» Task:
Look for the string "with" in the material below. Copy every line where you find it.

» Supplied material:
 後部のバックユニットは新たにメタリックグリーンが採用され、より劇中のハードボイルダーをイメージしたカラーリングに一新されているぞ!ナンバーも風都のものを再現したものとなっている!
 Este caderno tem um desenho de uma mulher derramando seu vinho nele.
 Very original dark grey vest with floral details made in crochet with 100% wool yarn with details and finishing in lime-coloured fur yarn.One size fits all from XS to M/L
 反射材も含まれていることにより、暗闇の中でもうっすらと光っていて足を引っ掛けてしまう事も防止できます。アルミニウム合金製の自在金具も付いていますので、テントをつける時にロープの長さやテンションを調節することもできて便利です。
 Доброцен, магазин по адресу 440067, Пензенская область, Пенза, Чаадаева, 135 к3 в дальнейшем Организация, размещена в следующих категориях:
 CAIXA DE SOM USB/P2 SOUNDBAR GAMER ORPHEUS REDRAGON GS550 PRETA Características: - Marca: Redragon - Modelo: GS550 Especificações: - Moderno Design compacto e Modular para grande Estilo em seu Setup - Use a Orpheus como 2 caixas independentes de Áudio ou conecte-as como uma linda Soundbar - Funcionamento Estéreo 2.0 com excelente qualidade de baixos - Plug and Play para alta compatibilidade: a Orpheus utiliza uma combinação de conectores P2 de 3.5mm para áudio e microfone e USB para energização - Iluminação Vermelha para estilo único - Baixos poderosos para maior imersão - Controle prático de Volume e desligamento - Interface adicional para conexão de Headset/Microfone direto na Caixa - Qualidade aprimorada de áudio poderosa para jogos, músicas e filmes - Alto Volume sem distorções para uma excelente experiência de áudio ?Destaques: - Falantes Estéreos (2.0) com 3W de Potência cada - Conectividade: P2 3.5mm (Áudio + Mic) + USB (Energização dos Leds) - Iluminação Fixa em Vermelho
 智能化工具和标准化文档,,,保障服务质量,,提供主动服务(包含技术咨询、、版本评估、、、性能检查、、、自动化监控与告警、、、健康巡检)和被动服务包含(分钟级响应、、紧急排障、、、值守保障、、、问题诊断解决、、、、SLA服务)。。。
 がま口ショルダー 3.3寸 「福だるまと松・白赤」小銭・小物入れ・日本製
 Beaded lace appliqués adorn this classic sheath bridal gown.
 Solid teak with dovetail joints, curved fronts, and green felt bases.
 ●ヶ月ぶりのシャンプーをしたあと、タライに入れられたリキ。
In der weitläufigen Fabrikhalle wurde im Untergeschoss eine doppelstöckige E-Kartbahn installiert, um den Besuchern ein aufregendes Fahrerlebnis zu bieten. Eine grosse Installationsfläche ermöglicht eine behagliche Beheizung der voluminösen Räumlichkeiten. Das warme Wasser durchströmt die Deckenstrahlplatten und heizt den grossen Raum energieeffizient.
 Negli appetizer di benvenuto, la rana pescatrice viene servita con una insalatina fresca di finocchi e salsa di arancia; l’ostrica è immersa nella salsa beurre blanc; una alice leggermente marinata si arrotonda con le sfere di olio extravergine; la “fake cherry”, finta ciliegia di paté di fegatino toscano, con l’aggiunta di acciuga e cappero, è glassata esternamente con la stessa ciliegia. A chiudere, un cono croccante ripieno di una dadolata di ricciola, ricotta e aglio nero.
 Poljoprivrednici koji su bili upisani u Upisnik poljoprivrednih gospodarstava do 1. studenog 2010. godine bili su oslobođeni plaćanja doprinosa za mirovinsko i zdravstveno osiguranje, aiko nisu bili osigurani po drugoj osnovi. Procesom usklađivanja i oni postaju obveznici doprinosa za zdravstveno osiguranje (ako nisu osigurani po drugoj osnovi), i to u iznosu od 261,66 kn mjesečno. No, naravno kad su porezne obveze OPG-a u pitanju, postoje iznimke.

» The answer:
 Very original dark grey vest with floral details made in crochet with 100% wool yarn with details and finishing in lime-coloured fur yarn.One size fits all from XS to M/L
 Solid teak with dovetail joints, curved fronts, and green felt bases.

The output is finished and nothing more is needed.